I cannot begin to explain how miserable the backtrack walk was. The sun had become fierce and it punished us with it's burning rays. We were completely out of water. Even worse, this was all my fault.
Very, very thirsty, we stopped at a small village. A family was standing outside their house. We namaste'd each other and discovered they didn't have water but they would sell us some Fanta (Krissy had been raving about wanting one for the past two days). We each bought an orange flavored fizzy sugar water.
A man who carried himself as the head of the household spoke English well, so we asked where Chisopani was. He pointed to a village on the distant hillside. He told us it would take a half hour.* It was grim but also welcome news. We had a long way to go but at least we were finally back on the map.
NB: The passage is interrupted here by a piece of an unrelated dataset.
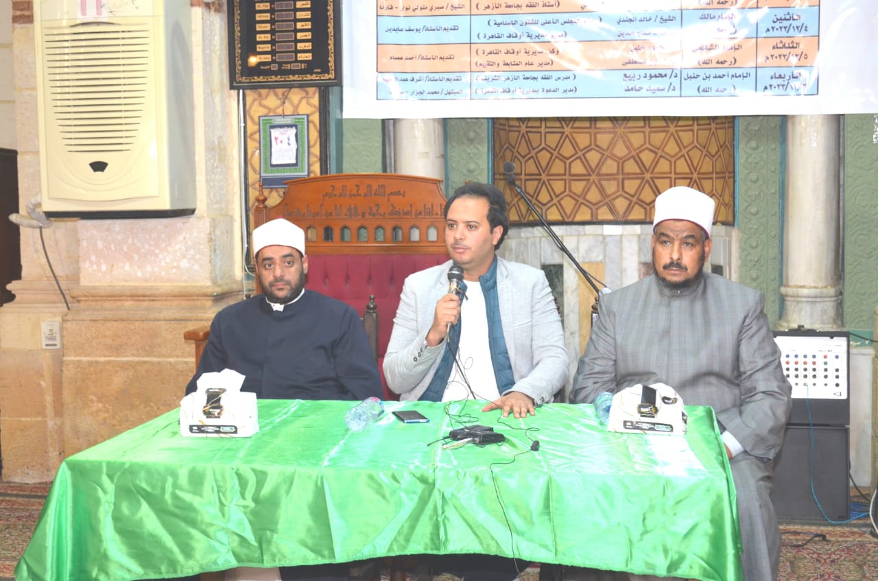 في إطار الدور التثقيفي الذي تقوم به وزارة الأوقاف فعاليات اليوم الثالث للأسبوع الدعوي بمسجد الإمام الشافعي (رضي الله عنه) بالقاهرة اليوم الثلاثاء 5/ 12/ 2023م بعنوان: “الإمام الشافعي (رحمه الله)”، حاضر فيه الدكتور/ عمرو مصطفى مدير عام المتابعة والتقييم، والدكتور/ محمود خليل وكيل مديرية أوقاف القاهرة، وقدم له الأستاذ/ أحمد عصام، وبحضور جمع غفير من رواد المسجد.

The Fanta cheered us up a bit and helped to stave off our thirst long enough for us to reach a well in the middle of a small village. While we filled up Nalgene's I took the opportunity to look at the map. I figured that from Chisopani (still roughly 45 minutes away) we had another three hours of walking until we reached our destination: Begnas Tal.
It was mostly misery after that. The sun was at it's hottest and the temperature had to have been in the mid 80's. When we got back on the trekking route we were heckled and laughed at by younger villagers. At one point a pack of small boys saw us and came racing down a hill they had been perched upon. They waited by the side of the road for us to reach them and, when we did, they begged for chocolate and pens. We told them no, but they trotted along side of us repeating "Give me chocolate." "Give me pen."
Eventually they gave up and we continued on. Our feet hurt from the rough road and the sun continued to cook us. We had to frequently take rest breaks in the shade and remove our boots to take the pressure off our feet.
A welcome sight was Begnas Tal. We were still high above it but at least we could see the journey's end. And before we knew it, we were in Nepali civilization. Buses and motorcycles zoomed past. People walked by and some of them didn't stare at us.
We walked for a little while before a bus stopped in front of us and a Nepali youth called out to us. "Where you going?" he asked. We told him Pokhara. "This bus go to Pokhara!" he shouted back. That was all it took for us. Sweaty and smelly, we hopped on board the "chicken bus" as Krissy calls them.
We ended up waiting on the bus for fifteen minutes before we rode back into town. We didn't care. We were done walking and were out of the sun. Plus, catching a bus there saved us an extra hour of walking.
When the bus got moving we cooled off quickly from the wind rushing through open windows. We were happy. We also had much to look at. The young, mustachioed, purple G-Unit t-shirt wearing bus driver honked his horn in an effort to convince people to climb aboard. Other passengers would flag the bus down and he would slam on the brakes to let them in. He had a very hard time keeping his eyes on the road. He would either be leaning out the window to yell at rival bus drivers or would turn his head owl-like to stare at any women that walked by.
Soon enough, we were back at the Holy Lodge, showered and starving. We hit the town and had some excellent Chinese food and Everest beer. We stayed out for another drink but the events of the day, the food and the alcohol had us yawning. We walked back to our room and slept when our heads hit our pillows, dreaming about anything but the Royal Trek.
*If you remember from the last post, a half hour in Nepal is the minimum estimate. This half hour ended up taking an hour and a half.